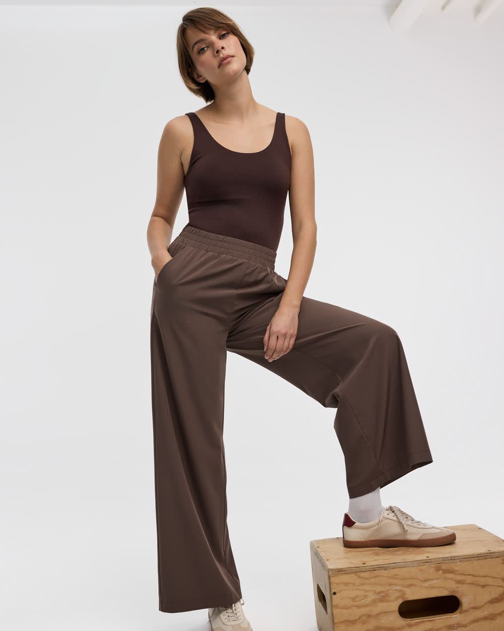 Made in a super comfortable stretch and lightweight fabric, these pull-on wide-leg pants are just what you need for travelling days.
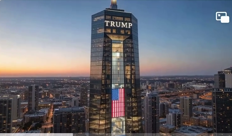 画像には、超高層ビルの外観に大きく「TRUMP」と表示され、アメリカ国旗が映し出されている様子が写っています。
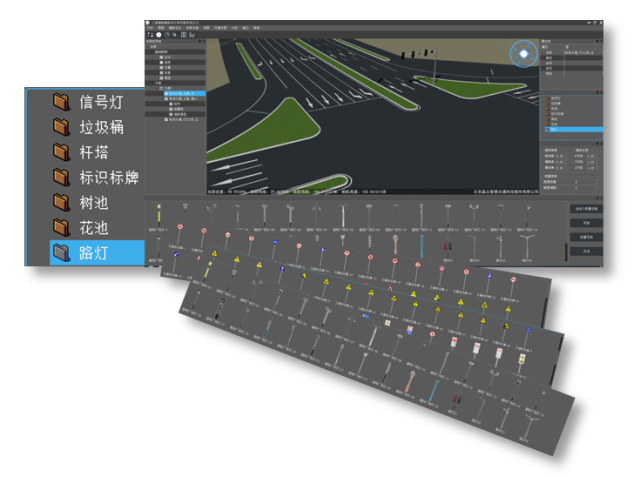 然后,通過3DRoad自動生成三維道路,批量加載道路附屬設施,自動拉伸三維建筑或者加載三維建筑的BIM、3dmax等模型,集成三維場景;
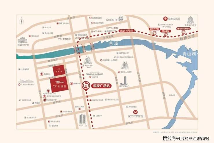 16号线“临安人民广场站”(直线距离约500米);10站即达未来科技城,绿汀路站,换乘5/3号线,接驳杭州主城交通圈
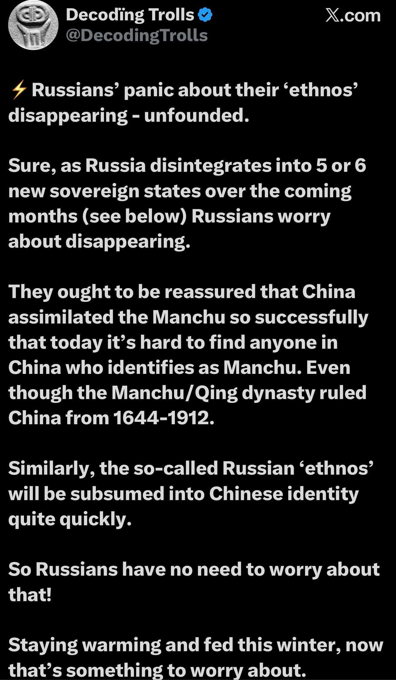 I wanted to situate that description of how I see that reality- that the Russians’ war against us will continue after victory. Even if, as I do in this piece below, I can foresee the gentle eradication of what Putler referred to as ‘the Russian Ethnos’ which has, as we see in Ukraine, a remarkable propensity to commit war crimes - 300,000 or so registered war crimes in Ukraine since Feb 24 2022.
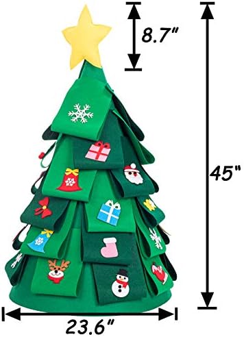 Price: (as of – Details) Product Description specification: Material: Felt Color: as shown Product size: H: 45in (3.8ft) x D: 23.6in (2ft) Package Includes: 1x cylindrical felt cloth, 19 x light green felt leaves, 19 x dark green felt leaves, 37 x decorative accessories, 1 x five-pointed star hat, 1x hot glue stick, 1 x
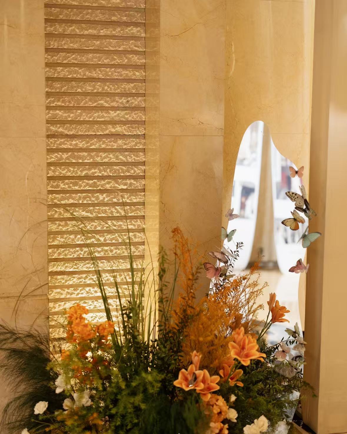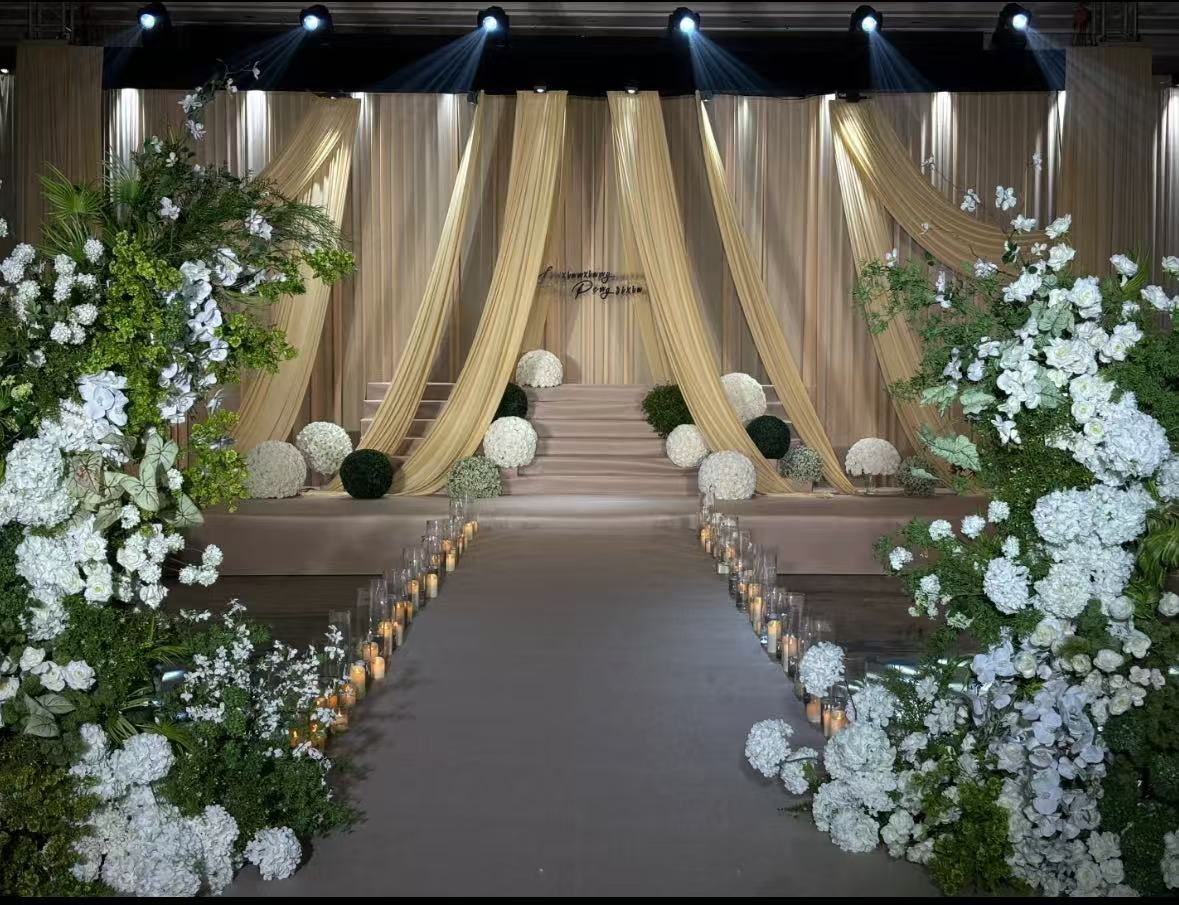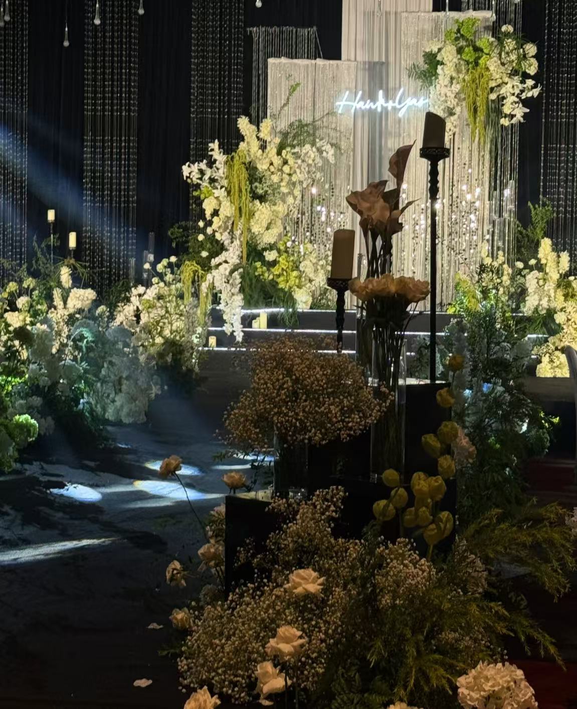 • 香槟色布艺搭配自然风的花艺💐造型设计 追求韩式婚礼高雅气质的同时 又有自然风的清新脱俗
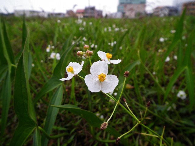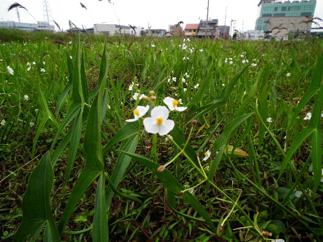 休耕田に繁殖して白い可憐な花を咲かせるオモダカはクワイにとてもよく似た水草です
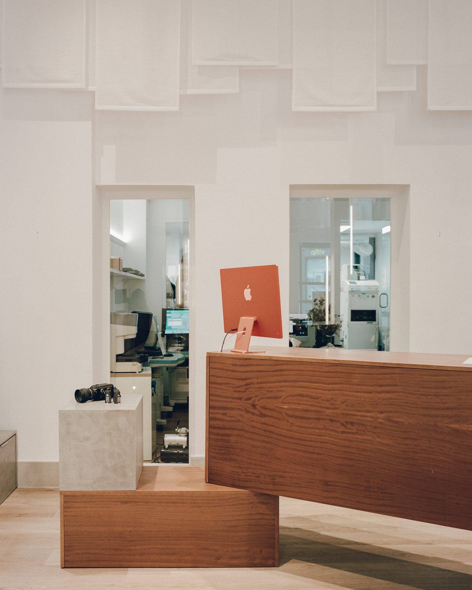 이 개념은 현재 개발 과정의 산업화와 공존하며 새로운 시설을 위한 맞춤 디자인 가구에 반영된다. 가구의 부품들은 조립 라인 프로세스에서 영감을 얻어 서로 완벽하게 결합되며 디스플레이, 대기 공간, 보관 및 카운터 등 사용에 따른 다양한 옵션이 존대한다. 바닥에 있는 작은 통로를 이용해 갤러리가 있는 30㎡ 규모의 지하 공간으로 이동할 수 있으며 방문객을 카메라 옵스큐라로 안내한다. 따라서 스튜디오는 보관, 전시, 고객 서비스에 대한 브랜드의 기본 요구 사항을 충족할 뿐만 아니라 고객들에게 포괄적이고 몰입되는 경험하게 해줄 수 있는 공간을 만들었다. 인상적인 렌즈 너머에는 카르멘시타 필름 랩(Carmencita Film Lab)의 가치와 맞는 100% 아날로그 느낌을 그대로 즐길 수 있는 포토부스가 고객들을 기다리고 있다.
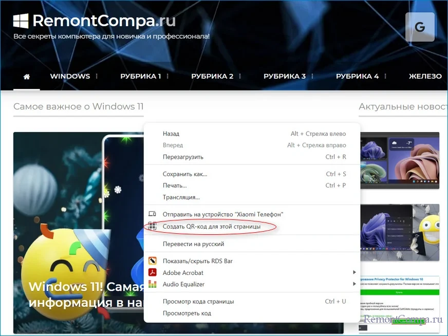 Открываете любой сайт, правый клик мыши и выбираем "Создать QR-код для этой страницы".

★ ★ ★ ★ ★ ★ ★

*What to work on*.
Output the lines of the data exactly, starting at the first and ending with the line that has "I wanted to". Pictures are not part of it.

*Exercise output*.
 Made in a super comfortable stretch and lightweight fabric, these pull-on wide-leg pants are just what you need for travelling days.
 画像には、超高層ビルの外観に大きく「TRUMP」と表示され、アメリカ国旗が映し出されている様子が写っています。
 然后,通過3DRoad自動生成三維道路,批量加載道路附屬設施,自動拉伸三維建筑或者加載三維建筑的BIM、3dmax等模型,集成三維場景;
 16号线“临安人民广场站”(直线距离约500米);10站即达未来科技城,绿汀路站,换乘5/3号线,接驳杭州主城交通圈
 I wanted to situate that description of how I see that reality- that the Russians’ war against us will continue after victory. Even if, as I do in this piece below, I can foresee the gentle eradication of what Putler referred to as ‘the Russian Ethnos’ which has, as we see in Ukraine, a remarkable propensity to commit war crimes - 300,000 or so registered war crimes in Ukraine since Feb 24 2022.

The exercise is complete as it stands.